Action item
Retype the data below exactly, skipping pictures.

Provided records
______________________________
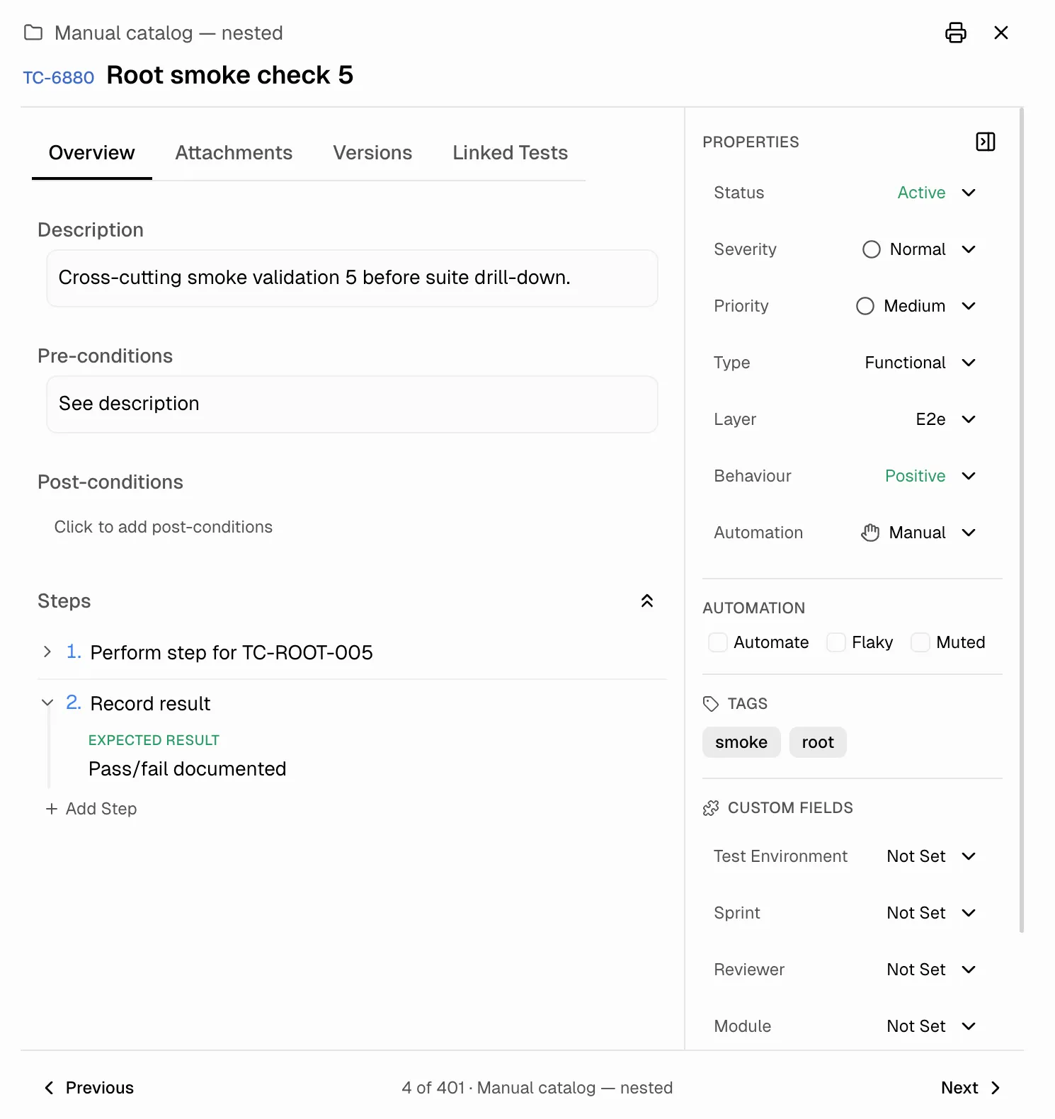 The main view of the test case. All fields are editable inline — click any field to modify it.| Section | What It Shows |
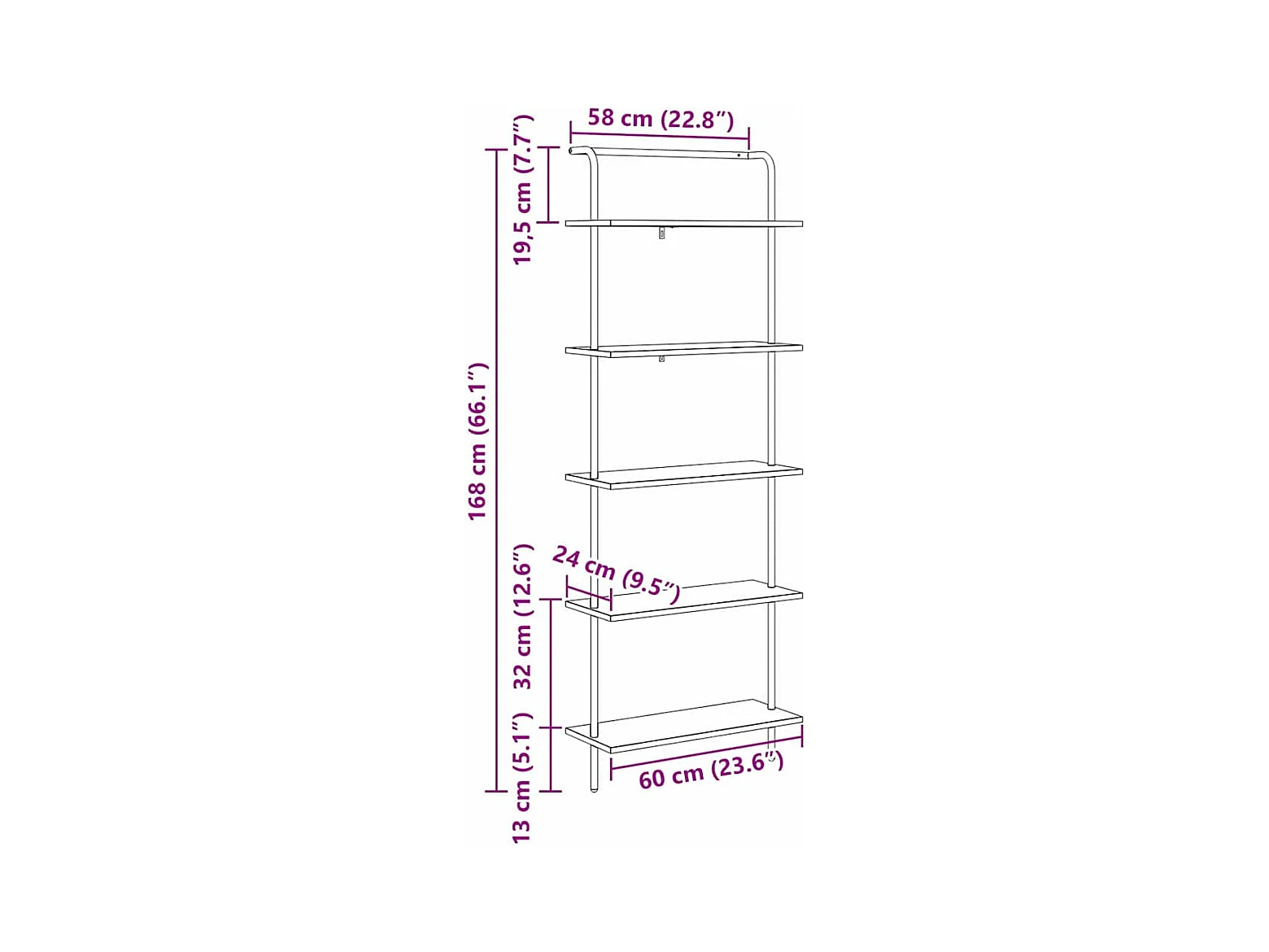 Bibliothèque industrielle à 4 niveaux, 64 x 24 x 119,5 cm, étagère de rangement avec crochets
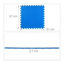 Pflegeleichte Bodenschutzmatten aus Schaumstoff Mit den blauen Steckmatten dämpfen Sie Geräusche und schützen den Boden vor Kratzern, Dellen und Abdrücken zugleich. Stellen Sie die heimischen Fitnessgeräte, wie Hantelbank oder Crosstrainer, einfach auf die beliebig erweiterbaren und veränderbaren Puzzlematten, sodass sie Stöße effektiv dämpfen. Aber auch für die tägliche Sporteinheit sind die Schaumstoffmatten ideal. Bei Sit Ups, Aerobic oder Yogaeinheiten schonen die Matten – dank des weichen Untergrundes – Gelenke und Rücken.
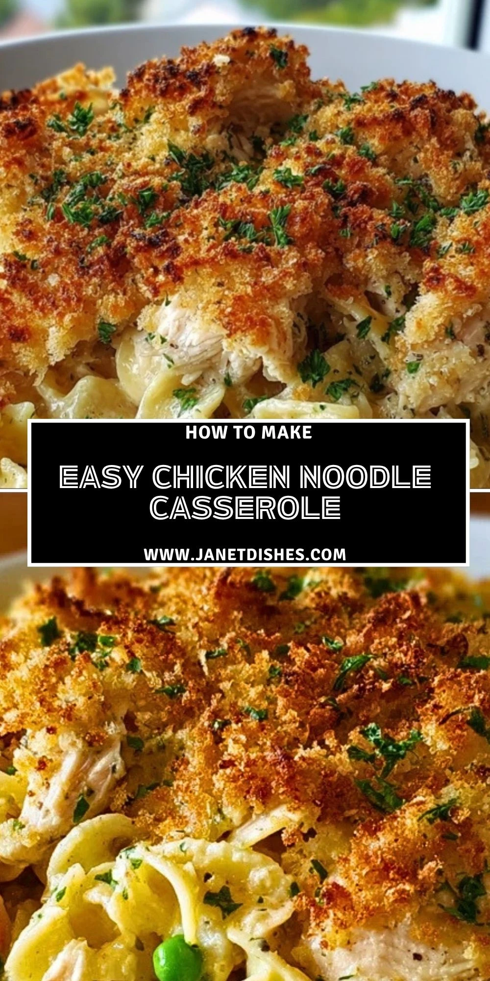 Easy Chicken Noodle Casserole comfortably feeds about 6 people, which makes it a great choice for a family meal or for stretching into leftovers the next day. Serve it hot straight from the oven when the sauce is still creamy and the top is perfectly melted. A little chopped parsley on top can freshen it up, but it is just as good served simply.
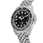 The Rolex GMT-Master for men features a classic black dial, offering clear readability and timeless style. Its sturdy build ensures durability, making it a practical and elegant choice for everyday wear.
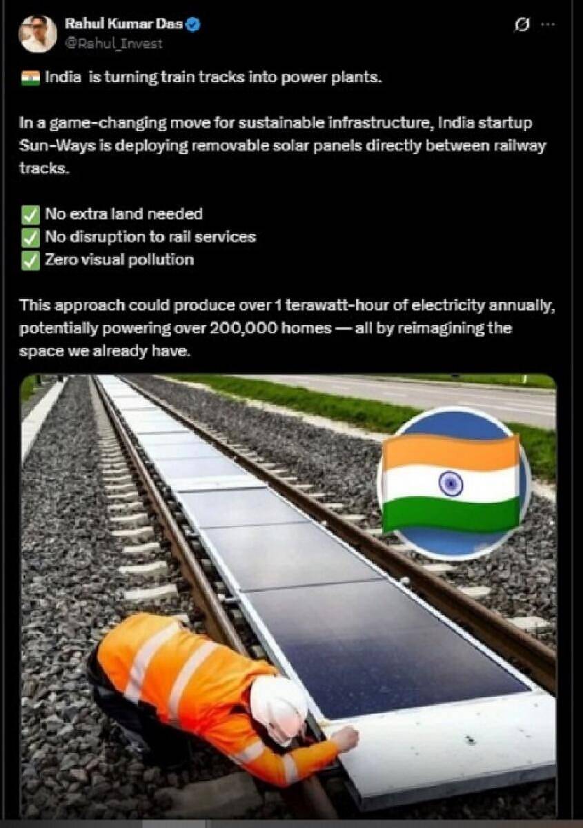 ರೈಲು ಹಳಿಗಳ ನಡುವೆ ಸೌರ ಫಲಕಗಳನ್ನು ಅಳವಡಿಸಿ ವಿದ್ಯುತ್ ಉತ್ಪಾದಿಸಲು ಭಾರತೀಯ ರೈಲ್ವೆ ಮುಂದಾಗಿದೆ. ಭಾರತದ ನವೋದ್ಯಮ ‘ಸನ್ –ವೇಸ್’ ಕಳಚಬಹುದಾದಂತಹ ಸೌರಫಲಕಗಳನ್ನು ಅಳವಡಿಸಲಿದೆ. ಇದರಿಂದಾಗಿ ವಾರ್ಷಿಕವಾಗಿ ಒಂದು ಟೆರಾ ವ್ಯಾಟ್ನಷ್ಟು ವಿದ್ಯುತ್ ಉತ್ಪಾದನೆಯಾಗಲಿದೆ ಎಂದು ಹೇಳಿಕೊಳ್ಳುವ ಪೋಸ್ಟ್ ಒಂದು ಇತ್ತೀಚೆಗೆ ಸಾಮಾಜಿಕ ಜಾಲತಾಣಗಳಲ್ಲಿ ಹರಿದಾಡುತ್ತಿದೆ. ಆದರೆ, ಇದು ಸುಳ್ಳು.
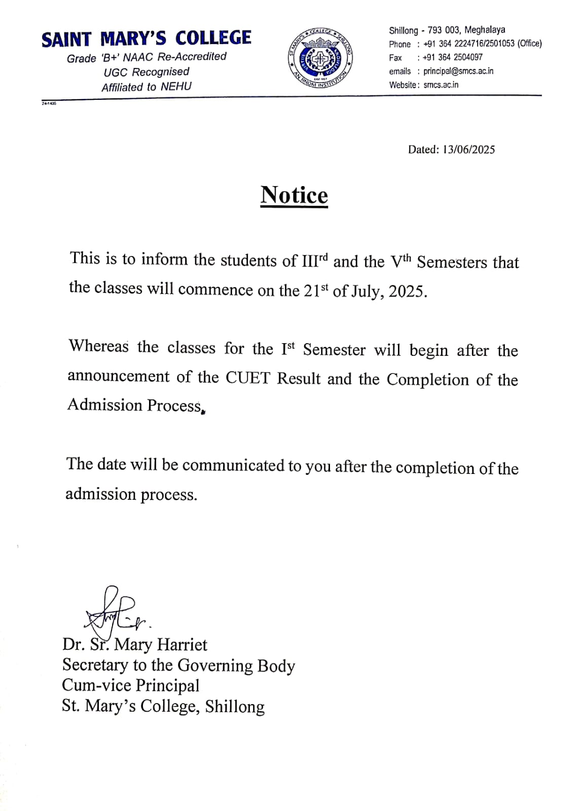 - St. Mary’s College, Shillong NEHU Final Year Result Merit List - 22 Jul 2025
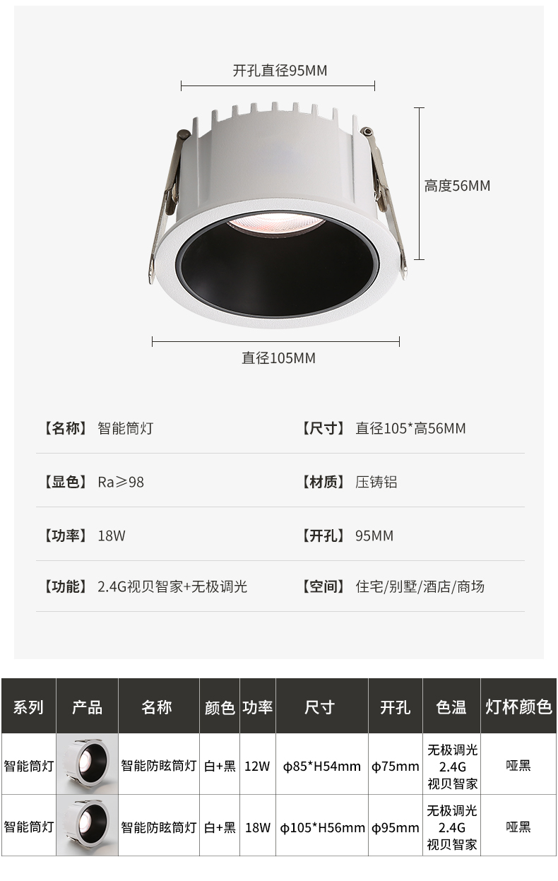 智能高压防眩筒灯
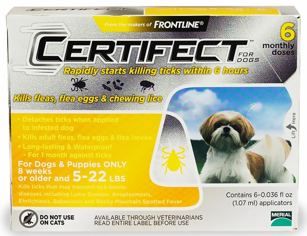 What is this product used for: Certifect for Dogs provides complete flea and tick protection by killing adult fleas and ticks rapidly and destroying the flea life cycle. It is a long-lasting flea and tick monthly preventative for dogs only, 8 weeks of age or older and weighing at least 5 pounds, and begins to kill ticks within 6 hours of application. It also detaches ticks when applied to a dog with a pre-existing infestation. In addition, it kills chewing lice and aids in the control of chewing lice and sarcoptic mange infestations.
______________________________
Completed exercise
 The main view of the test case. All fields are editable inline — click any field to modify it.| Section | What It Shows |
 Bibliothèque industrielle à 4 niveaux, 64 x 24 x 119,5 cm, étagère de rangement avec crochets
 Pflegeleichte Bodenschutzmatten aus Schaumstoff Mit den blauen Steckmatten dämpfen Sie Geräusche und schützen den Boden vor Kratzern, Dellen und Abdrücken zugleich. Stellen Sie die heimischen Fitnessgeräte, wie Hantelbank oder Crosstrainer, einfach auf die beliebig erweiterbaren und veränderbaren Puzzlematten, sodass sie Stöße effektiv dämpfen. Aber auch für die tägliche Sporteinheit sind die Schaumstoffmatten ideal. Bei Sit Ups, Aerobic oder Yogaeinheiten schonen die Matten – dank des weichen Untergrundes – Gelenke und Rücken.
 Easy Chicken Noodle Casserole comfortably feeds about 6 people, which makes it a great choice for a family meal or for stretching into leftovers the next day. Serve it hot straight from the oven when the sauce is still creamy and the top is perfectly melted. A little chopped parsley on top can freshen it up, but it is just as good served simply.
 The Rolex GMT-Master for men features a classic black dial, offering clear readability and timeless style. Its sturdy build ensures durability, making it a practical and elegant choice for everyday wear.
 ರೈಲು ಹಳಿಗಳ ನಡುವೆ ಸೌರ ಫಲಕಗಳನ್ನು ಅಳವಡಿಸಿ ವಿದ್ಯುತ್ ಉತ್ಪಾದಿಸಲು ಭಾರತೀಯ ರೈಲ್ವೆ ಮುಂದಾಗಿದೆ. ಭಾರತದ ನವೋದ್ಯಮ ‘ಸನ್ –ವೇಸ್’ ಕಳಚಬಹುದಾದಂತಹ ಸೌರಫಲಕಗಳನ್ನು ಅಳವಡಿಸಲಿದೆ. ಇದರಿಂದಾಗಿ ವಾರ್ಷಿಕವಾಗಿ ಒಂದು ಟೆರಾ ವ್ಯಾಟ್ನಷ್ಟು ವಿದ್ಯುತ್ ಉತ್ಪಾದನೆಯಾಗಲಿದೆ ಎಂದು ಹೇಳಿಕೊಳ್ಳುವ ಪೋಸ್ಟ್ ಒಂದು ಇತ್ತೀಚೆಗೆ ಸಾಮಾಜಿಕ ಜಾಲತಾಣಗಳಲ್ಲಿ ಹರಿದಾಡುತ್ತಿದೆ. ಆದರೆ, ಇದು ಸುಳ್ಳು.
 - St. Mary’s College, Shillong NEHU Final Year Result Merit List - 22 Jul 2025
 智能高压防眩筒灯
 What is this product used for: Certifect for Dogs provides complete flea and tick protection by killing adult fleas and ticks rapidly and destroying the flea life cycle. It is a long-lasting flea and tick monthly preventative for dogs only, 8 weeks of age or older and weighing at least 5 pounds, and begins to kill ticks within 6 hours of application. It also detaches ticks when applied to a dog with a pre-existing infestation. In addition, it kills chewing lice and aids in the control of chewing lice and sarcoptic mange infestations.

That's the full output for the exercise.